7.2 No cross-region business data transfer. Customer business data does not cross regions. Control-plane metadata (tenant routing, subscription records) is stored in the EU region and contains no customer business data.

7.3 Sub-processor transfers. Where sub-processors are located outside the EU/EEA, or where their parent entities are incorporated in countries without an EU adequacy decision, the Processor ensures that appropriate safeguards are in place under GDPR Chapter V, specifically: Standard Contractual Clauses (Module 1, 2, or 3 as applicable) adopted by the European Commission Decision of 4 June 2021; Transfer Impact Assessments where required; and supplementary measures (e.g. encryption before transfer) where necessary. Details of the transfer safeguards for each sub-processor are documented at /legal/subprocessors.

8. Personal data breach notification

8.1 Notification timeline. The Processor will notify the Controller without undue delay, and in any case no later than 72 hours after the Processor becomes aware of a personal data breach affecting the Controller’s data. This timeline is consistent with GDPR Art. 33 (notification to supervisory authority) and NIS2 Art. 23 (incident reporting) — the Processor’s 72-hour notification to the Controller enables the Controller to meet its own regulatory deadlines.
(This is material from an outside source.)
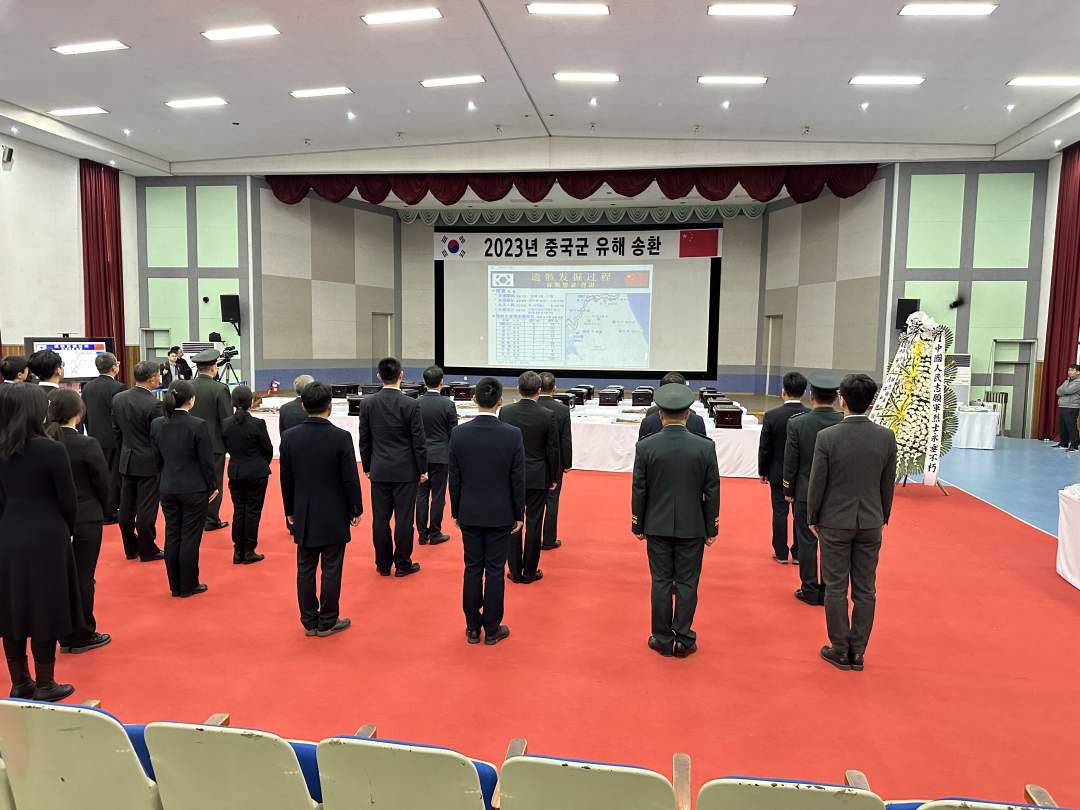 11月22日上午,中韓雙方在韓國仁川“中國人民志愿軍烈士遺骸臨時安置所”共同舉行第十批志愿軍烈士遺骸裝殮儀式。
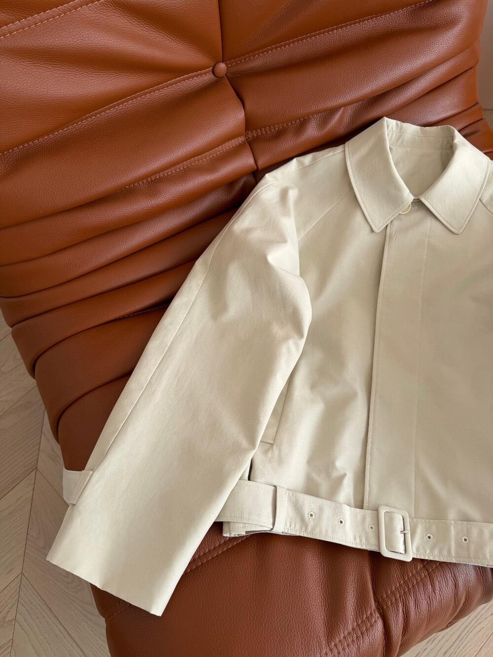가볍게 걸치기 좋은 크롭 기장의 트렌치 스타일 자켓입니다.

8.2 Content of notification. The breach notification will include, to the extent known at the time of notification and supplemented as information becomes available: (a) a description of the nature of the breach; (b) the categories and approximate number of personal data records concerned; (c) the contact details of the data protection contact point; (d) a description of the likely consequences; (e) a description of the measures taken or proposed.

8.3 Cooperation. The Processor will cooperate with the Controller’s breach management, provide reasonable assistance for notifications to supervisory authorities and affected data subjects, and implement corrective measures without undue delay.

8.4 Initial partial notification. Where it is not possible to provide all information within 72 hours, the Processor will provide an initial partial notification within 72 hours and supplement it as information becomes available.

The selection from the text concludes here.